ぼくたちが子どもの頃は、土曜日の楽しみというとTVの笑芸番組であった。
「吉本新喜劇」、「道頓堀アワー」、「爆笑寄席」、「松竹新喜劇」などなど、上方の笑いをこれでもかこれでもかと見せつけられ、骨の髄まで笑いがしみつき、人がボケたらつっこみ、座がダレたらボケてみせるような体質にできあがっていったのだ。
そのせいか、関西人であるというだけで他の地方の人たちからは何か笑わせてくれるだろうと期待されるらしい。ラジオ「おはようパーソナリティー道上洋三です」で、道上アナウンサーがこんな話をしていた。
道上さんの息子さんは東京の大学に進学したそうだが、そこで「大阪から来たのなら、何か面白いこと言ってよ」と同じクラスの女の子に言われたという。「そんな面白いことなんか言われへん。君の顔の方がよっぽど面白いわ」と言い返すと、「そう、それ。おもしろーい」とかえって喜ばれたんだとさ。
なにか違うぞ、という気もしないではないが、まあ「大阪=お笑い」というイメージがあるようだ。完全に否定はしないけど、全てがそうととられるのも困ったものである。
いつごろからそんなイメージができたのか。これははっきりしている。横山やすし・西川きよし、B&B、島田紳助・松本竜介、ザ・ぼんち、今いくよ・くるよたちが爆発的なマンザイブームを引き起こした1980年代以降のことである。それ以前、東京の寄席番組に当時最高のコンビだったWヤングなどが出演しても、東京の観客はきょとんとして笑うこともなかったのをぼくは記憶している。
そして、1990年代に入るとなぜか「吉本新喜劇」の人気が再沸騰してきた。大阪の「花月」では新喜劇の人気が低下して解散の危機にまで追い込まれたのが、ヴェテランの岡八郎や花紀京、船場太郎、山田スミ子たちがやめていき、それまで脇役であった池乃めだか、島木譲二、チャーリー浜などが座長格となってリニューアルしてからの話である。若手だった石田靖、内場隆則、辻本茂雄、未知やすえ、島田珠代らも一本立ちし、もともと人気のあった桑原和夫、間寛平ら残留組も踏ん張って、なんとか人気を盛り返したのである。

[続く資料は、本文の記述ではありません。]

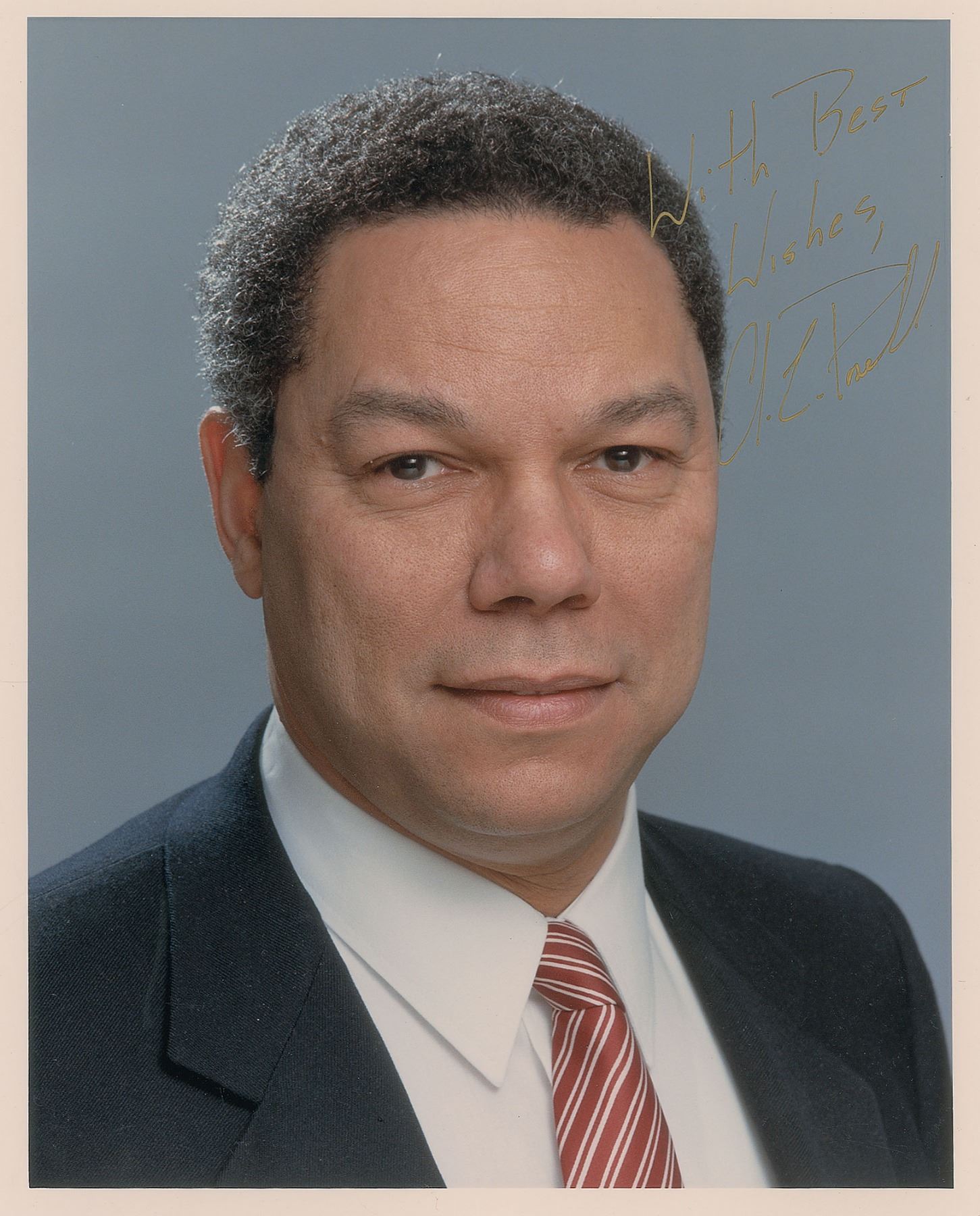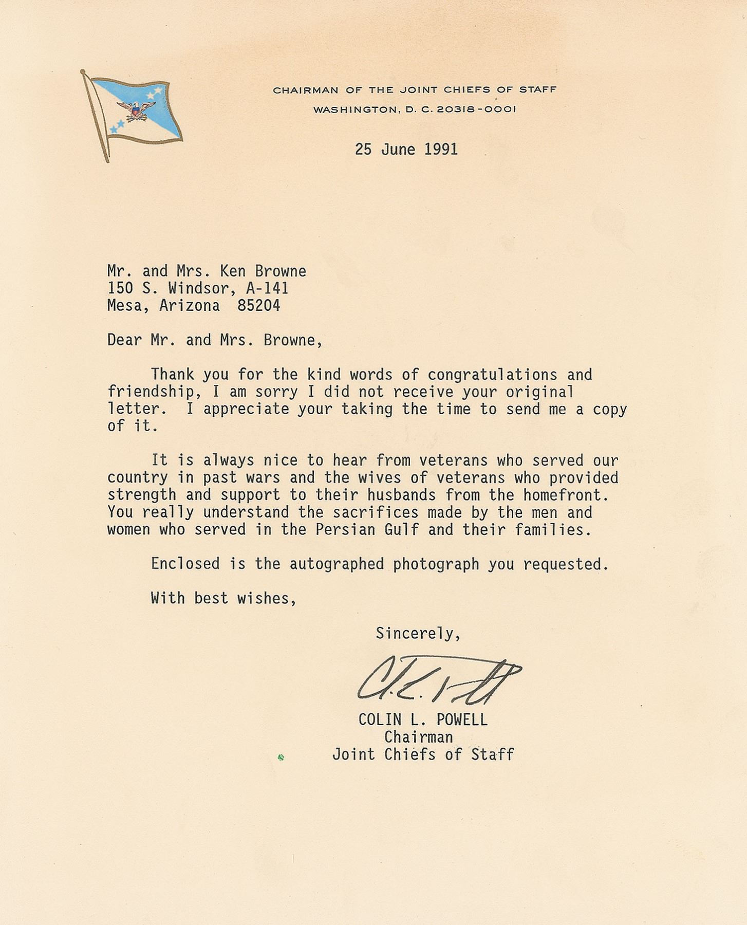 Two items: a color satin-finish 8 x 10 photo of Powell in a suit and tie, signed in gold ink; and a TLS, one page, 7.25 x 9, Chairman of the Joint Chiefs of Staff letterhead, June 25, 1991, in part: "It is always nice to hear from veterans who served our country in past wars and the wives of veterans who provided strength and support to their husbands from the homefront. You really understand the sacrifices made by the men and women who served in the Persian Gulf and their families." In overall very good to fine condition, with scattered light surface creasing to the photo, and light toning to the letter.
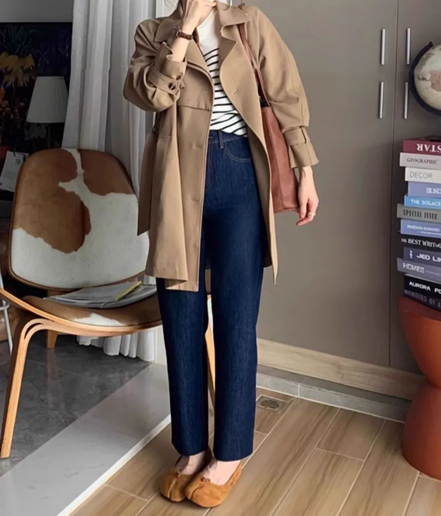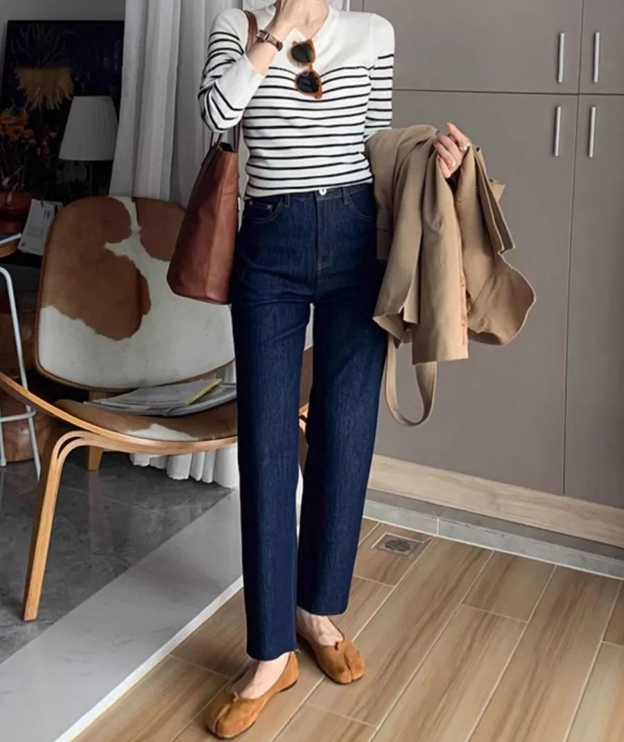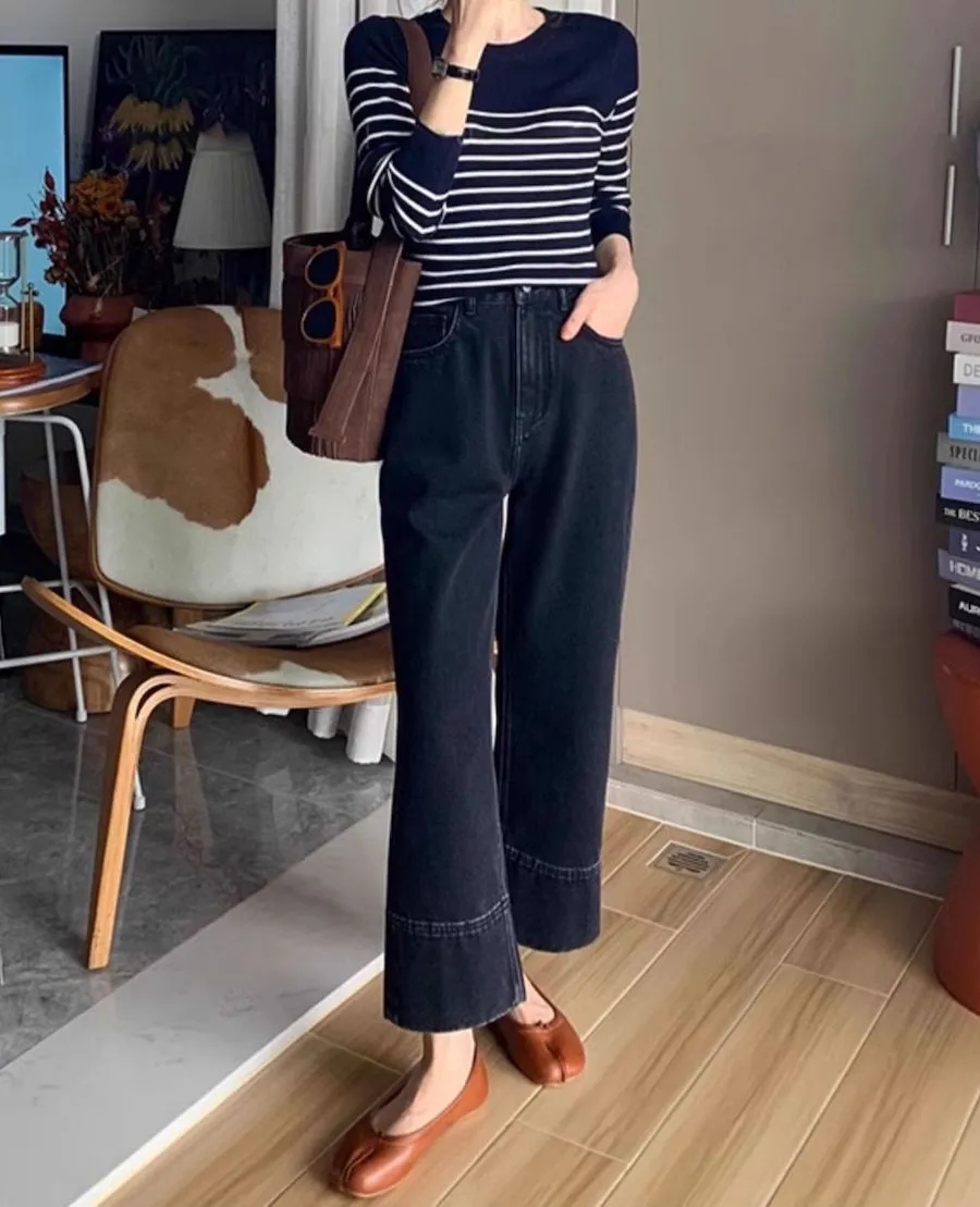 BF240310 時髦法棍小直筒牛仔褲 深藍色

もともと、吉本新喜劇は上方笑芸の主流ではなかった。主流といえば藤山寛美の松竹新喜劇で、館直志、茂林寺文福らの優れた脚本と寛美の卓越した演技力は、ただドタバタ走り回る吉本新喜劇とは一線を画していた。吉本の座付作者の一人である竹本浩三さんは、故林正之助会長から「松竹とおんなじことしてて勝てるかい。笑わせたかったら、体を使え」と言われたそうだ。笑いをとるためなら自分が怪我をしてもかまわない。どこかでお客さんが少しでも笑ったら、それをしつこく繰り返して爆笑にまでもっていく。それが吉本新喜劇のカラーとなった。
子どもであったぼくたちにとっては人の心理のひだをくすぐる松竹新喜劇より、見ればわかる吉本のほうが面白かったことはいうまでもない。VTR「吉本新喜劇ギャグ100連発」を買った層は、東京に出てきていた関西人だったという。世代としては子ども時代に吉本新喜劇で育った世代にあたる。つまり、自分の笑いの母乳をもう一度飲みたいというホームシック的な心境が背景にあった。
この10月より「超・吉本新喜劇」と題して、東京から毎週吉本新喜劇が全国ネットのゴールデンタイムで放送されることになった。「マンザイブーム」以降の関西タレントの活躍で、大阪の笑いの下地は全国にできていると判断してのことだろう。異端から始まり、松竹新喜劇を主流の座から引きずり降ろし、今や大阪の笑いの代名詞ともなった吉本新喜劇が全国に向けて挑戦するというわけだ。
とにかく、見たらわかる笑いだから、受けるだろうとは思う。しかし、タレントを消耗させるTVというメディアで、これまで大阪ローカルで培ってきたものがいっぺんに消費され尽くしてしまわないか、それがぼくには心配でならない。関西圏以外の視聴者は吉本新喜劇という母乳を飲まずに育った人たちなのだ。
もう一つ心配なのは、これが成功してますます「大阪=お笑い」、しかも「大阪の笑い=吉本」という図式が全国的に広まってしまわないかということだ。松竹新喜劇も上方落語もしゃべくり漫才も「大阪の笑い」の一部であるからだ。
とにもかくにも、吉本新喜劇の挑戦は始まったばかりだ。笑芸ファンとしては、ここはしっかりと見守っていきたい。